For all of its small size the Netherlands is often a world leader when it comes to  social policies.  Its parliamentary representative democracy sparks legislation that is often the source of  innovative social policies, ones that emerge as a result of coalition governments wherein the smaller parties are able to have their voices heard.

In 2010, just such a situation prevailed and the result was the enactment of far-reaching policies and legislation with regard to animal welfare and care.  At the ground level, this legislation caused the establishment of  an animal police force.  In the years since, this group of 250 officers (many more are trained but do not carry out the function exclusively) has made a tremendous and positive impact on the lives of thousands of animals.

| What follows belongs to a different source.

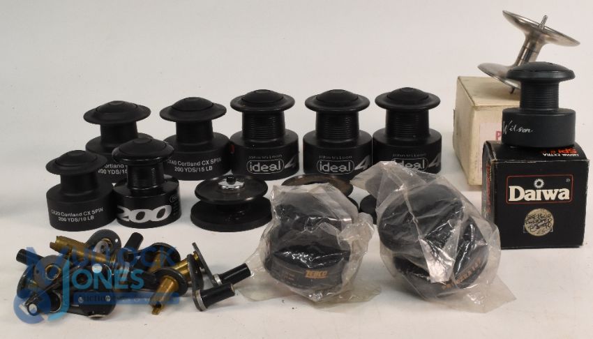 Collection of spare spools, as listed: Penn No 29M-60 for 60, 85, 111, 285 reels. Daiwa Float Wilson; 4x John Wilson Masterline 400 x 3, 200 x1. 3x Cortland CX40 x2, CX20 x1. 2x Zebco 142 and 132. 3x unknown spools. 10x handles - not for forks! (24)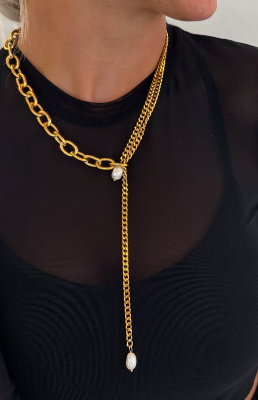 Discover the versatile beauty of The Jolinda Necklace. Crafted with high-quality 18k gold plated stainless steel, this piece can be adjusted from 16-18 inches for the perfect fit. Two contrasting chains are elegantly combined and finished with lustrous pearls, making this necklace a standout statement piece that can also be worn as a bracelet. Elevate any outfit with this must-have accessory.

Like a humane society with guns, handcuffs and badges, these officers respond to calls to the animal emergency line – dial 144 from any phone in the Netherlands. On any given day the officers might rescue a sick seal stranded on a beach, call out a fire reel so that a dog left out on a balcony in a storm does not freeze to death, investigate a complaint from neighbours about an animal hoarder, or charge  an owner who has brutally beaten his dog.

Penalties for such cruel, thoughtless actions can include stiff fines (up to $25,000), many hours of community service, a ban from animal ownership and prison terms.  As with so many aspects of police work, however, the officers find that the education that can be carried out in the course of these investigations is of primary importance.  Relationships develop during follow up visits and these often mean that ignorant behaviour can be forestalled.  The work is a mix of animal protection and human social services, finding practical solutions to problems so often the result of ignorance.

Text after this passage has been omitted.